*YOUR ASSIGNMENT:* Copy every entry below verbatim, except for images.

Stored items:
□ □ □ □

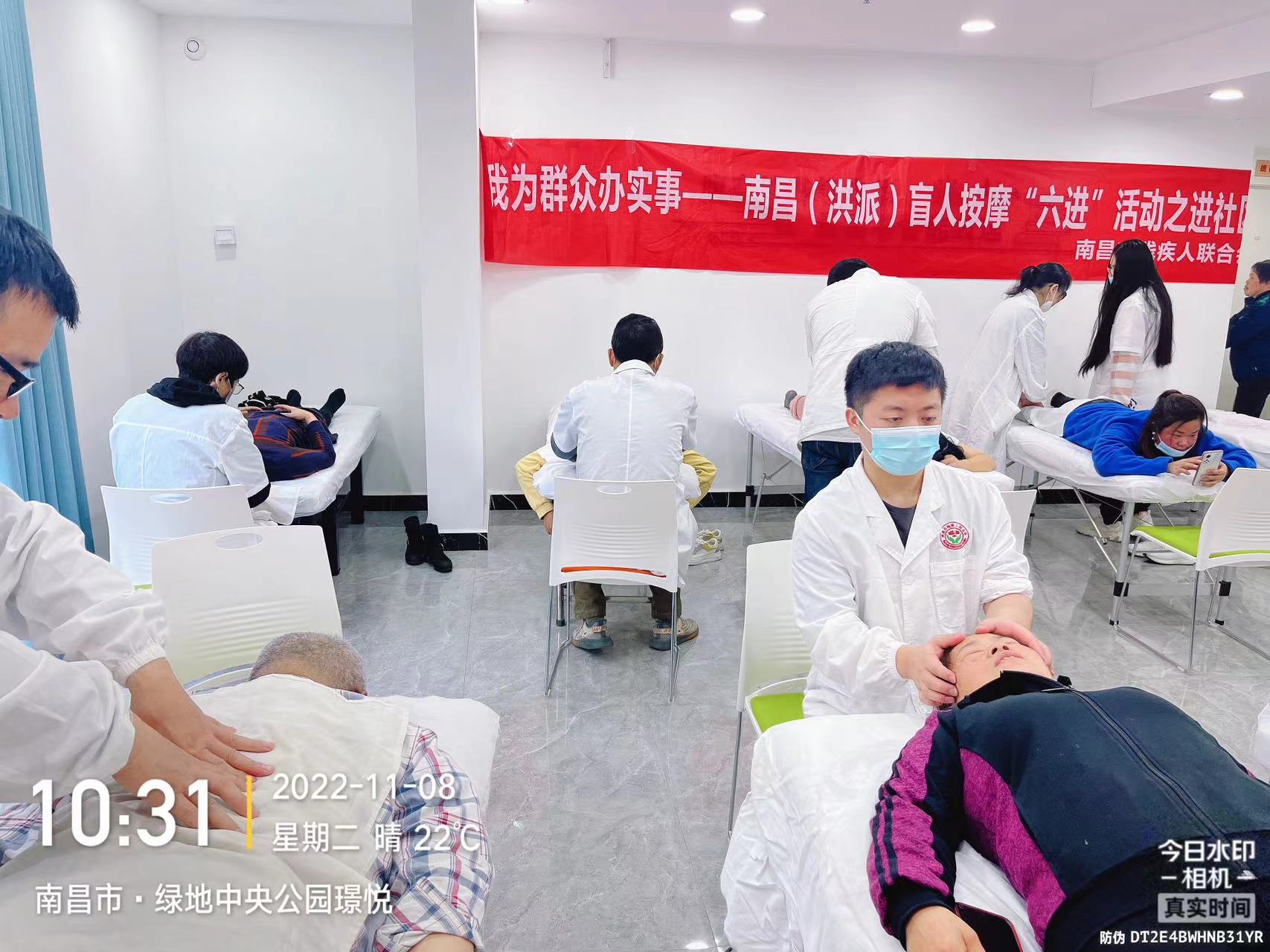 11月8日上午,市残联组织10名来自洪派盲人按摩机构的盲人按摩师在新建区花海社区开展2022年第二十场南昌(洪派)盲人按摩“六进”志愿服务活动。
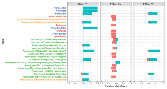 Finally, SIMPER analysis was performed to better investigate those taxa that mostly distinguish the communities associated with the three soil management (Figure 5). PCC and GM behaved similarly towards ST. Specifically, most of the taxa identified by SIMPER to distinguish between managements showed a higher relative abundance in ST; some of those (n = 5) were common to the comparisons PCC-ST and GM-ST, while others (n = 6) were retrieved only in the GM-ST comparison. Specifically, the nematode families of Trichodoridae (virus-vector), Paratylenchidae (plant-parasites) and Seinuridae (predators) were more abundant in ST than GM. In addition, the family Rhabditidae, belonging to nematode bacterial feeders and classified as colonizers, decreased its abundance both in GM and PCC. The pairwise comparison between PCC and GM highlighted, for the taxa that best discriminate among these two groups, higher abundances for PCC samples than GM ones, with the exception of an Ascomycota member. Only a few bacteria were retrieved in this analysis, belonging to Proteobacteria and Actinobacteriota. On the other hand, many Ascomycota members were identified, able to distinguish both the GM/PCC-ST pairs and the PCC-GM one. Nematodes and microarthropods also contributed to discriminating these two groups. In particular, GM reduced the abundance of the Meloidogynidae family (one of the most harmful plant-parasitic nematode family) and the microarthropod orders of Pseudoscorpiones, Pauropoda, Opilionids and Hymenoptera.
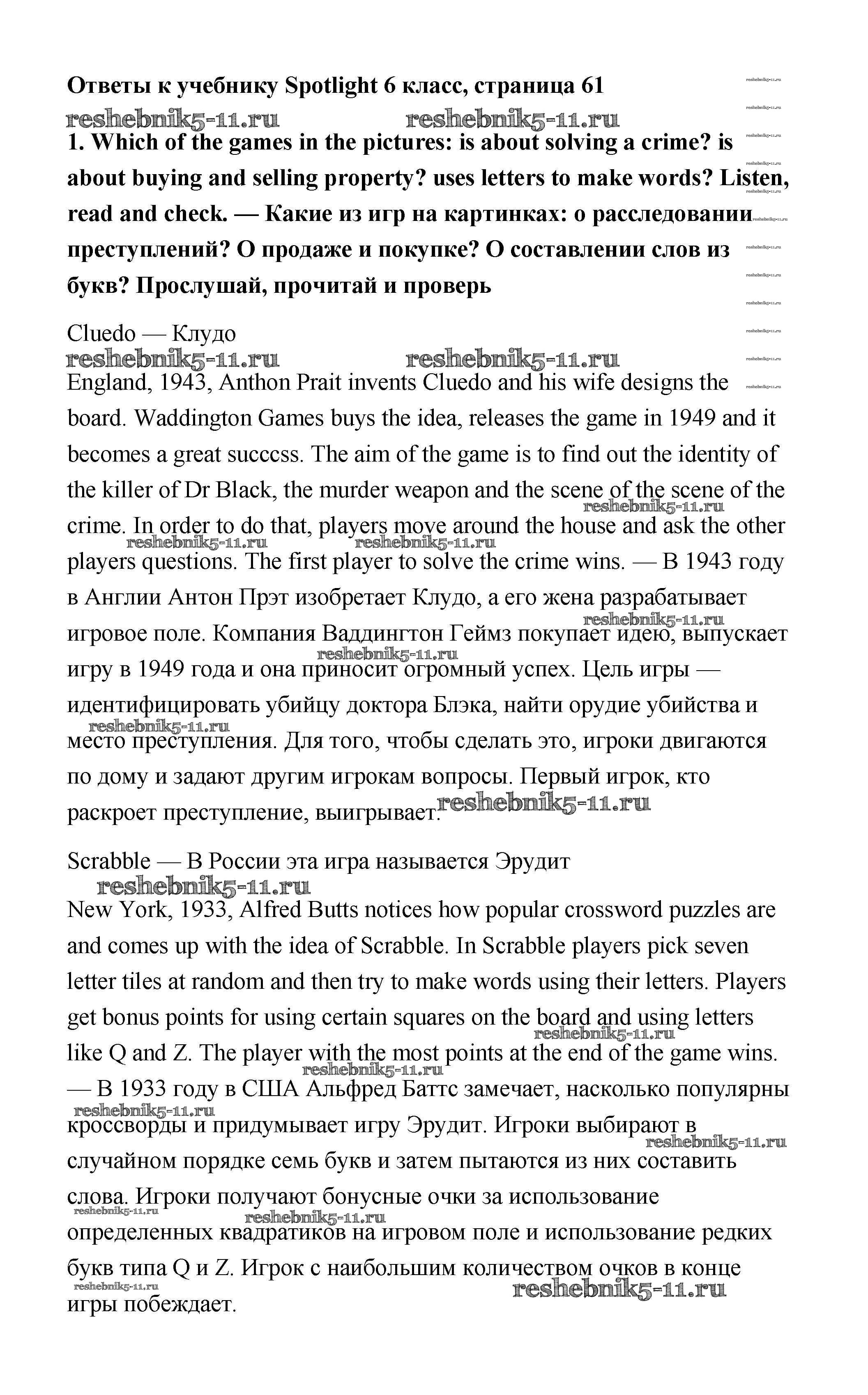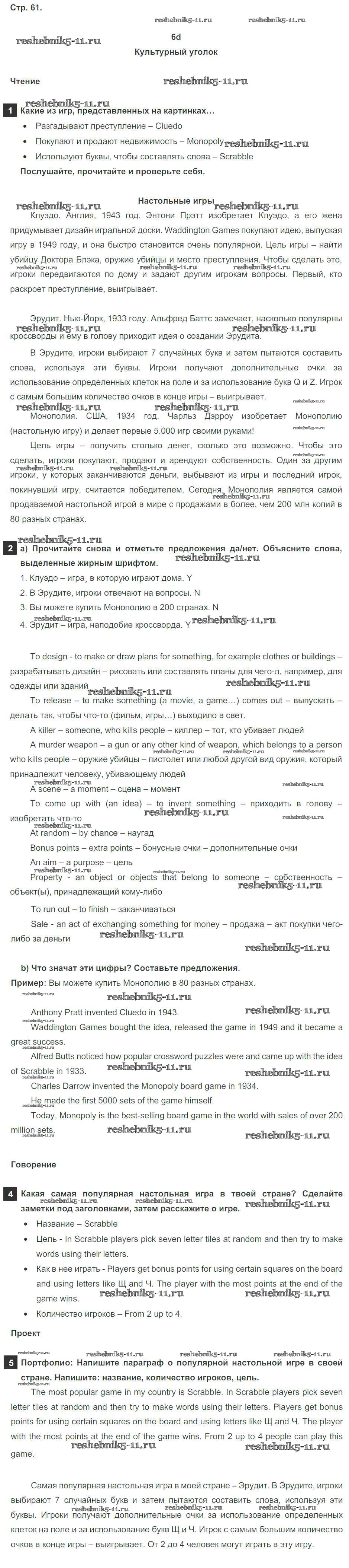 Готовая домашняя работа с ответами по Английскому языку за 6 класс Ваулина, Дули, Эванс, Подоляко Учебник Spotlight Просвещение 2017 ФГОС - Module 6. Leisure activities. Страницы 61
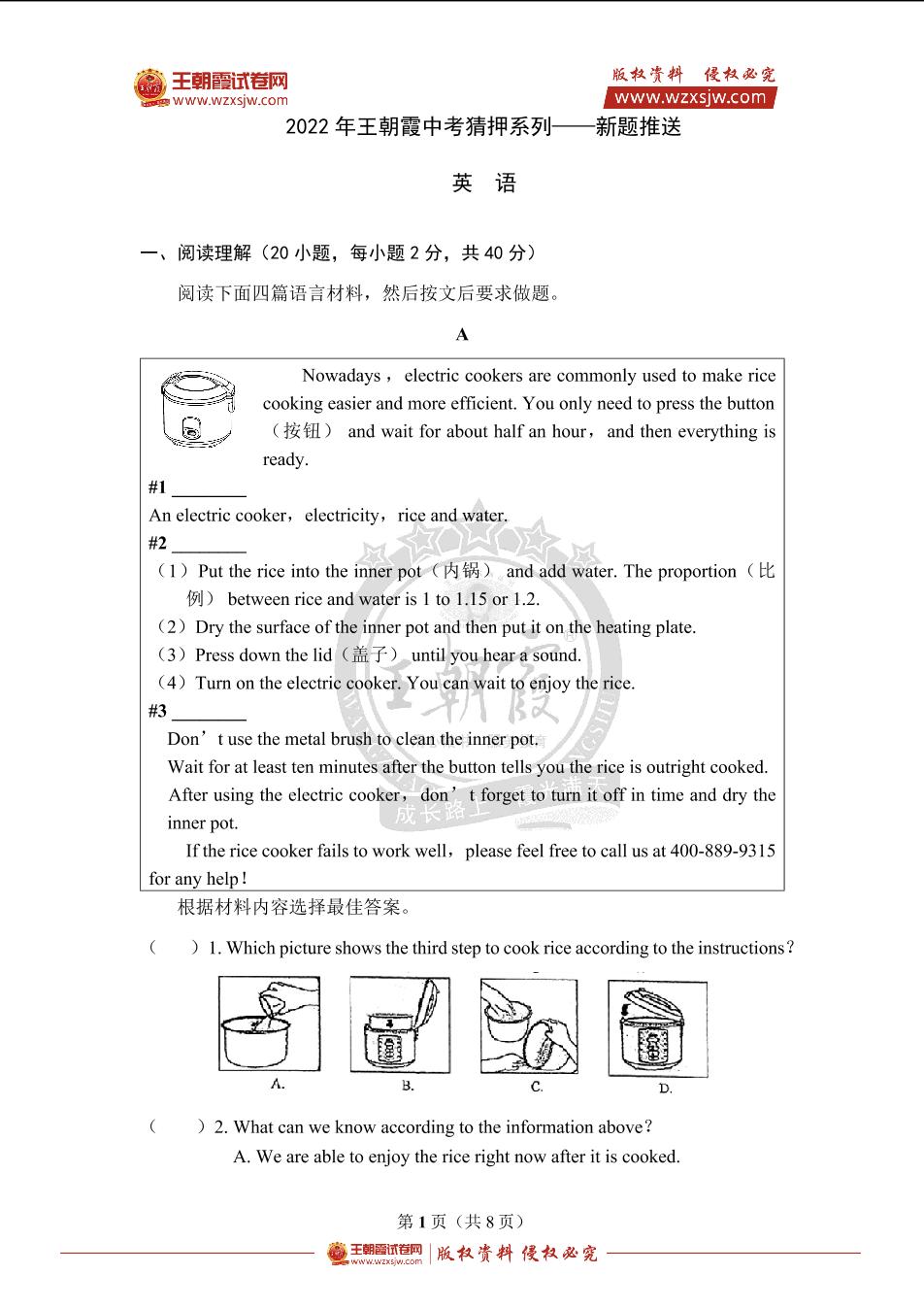 【英语】2022年王朝霞中考猜押系列——新题推送
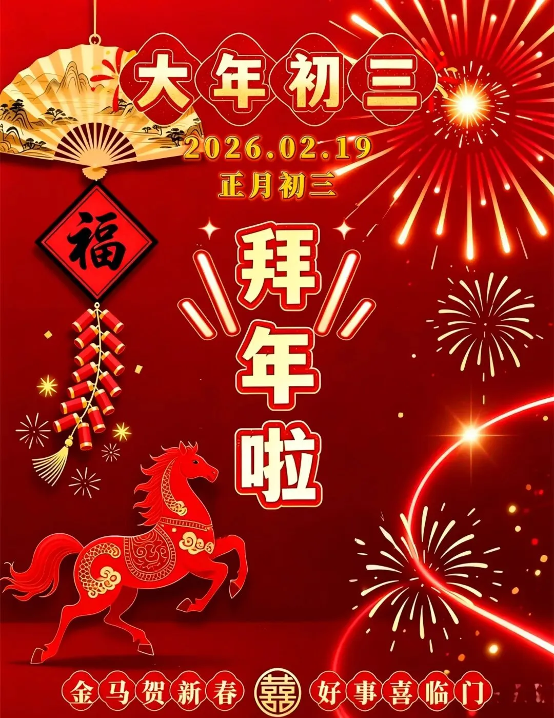 大年初三到,祝福问候送不停,愿您天天好心情!愿你在2026年的岁月中,如骏马一样奔腾,跨越所有障碍!马年龙马精神,活力满满!

□ □ □ □

*RESULT FOR THIS TASK:*
 11月8日上午,市残联组织10名来自洪派盲人按摩机构的盲人按摩师在新建区花海社区开展2022年第二十场南昌(洪派)盲人按摩“六进”志愿服务活动。
 Finally, SIMPER analysis was performed to better investigate those taxa that mostly distinguish the communities associated with the three soil management (Figure 5). PCC and GM behaved similarly towards ST. Specifically, most of the taxa identified by SIMPER to distinguish between managements showed a higher relative abundance in ST; some of those (n = 5) were common to the comparisons PCC-ST and GM-ST, while others (n = 6) were retrieved only in the GM-ST comparison. Specifically, the nematode families of Trichodoridae (virus-vector), Paratylenchidae (plant-parasites) and Seinuridae (predators) were more abundant in ST than GM. In addition, the family Rhabditidae, belonging to nematode bacterial feeders and classified as colonizers, decreased its abundance both in GM and PCC. The pairwise comparison between PCC and GM highlighted, for the taxa that best discriminate among these two groups, higher abundances for PCC samples than GM ones, with the exception of an Ascomycota member. Only a few bacteria were retrieved in this analysis, belonging to Proteobacteria and Actinobacteriota. On the other hand, many Ascomycota members were identified, able to distinguish both the GM/PCC-ST pairs and the PCC-GM one. Nematodes and microarthropods also contributed to discriminating these two groups. In particular, GM reduced the abundance of the Meloidogynidae family (one of the most harmful plant-parasitic nematode family) and the microarthropod orders of Pseudoscorpiones, Pauropoda, Opilionids and Hymenoptera.
 Готовая домашняя работа с ответами по Английскому языку за 6 класс Ваулина, Дули, Эванс, Подоляко Учебник Spotlight Просвещение 2017 ФГОС - Module 6. Leisure activities. Страницы 61
 【英语】2022年王朝霞中考猜押系列——新题推送
 大年初三到,祝福问候送不停,愿您天天好心情!愿你在2026年的岁月中,如骏马一样奔腾,跨越所有障碍!马年龙马精神,活力满满!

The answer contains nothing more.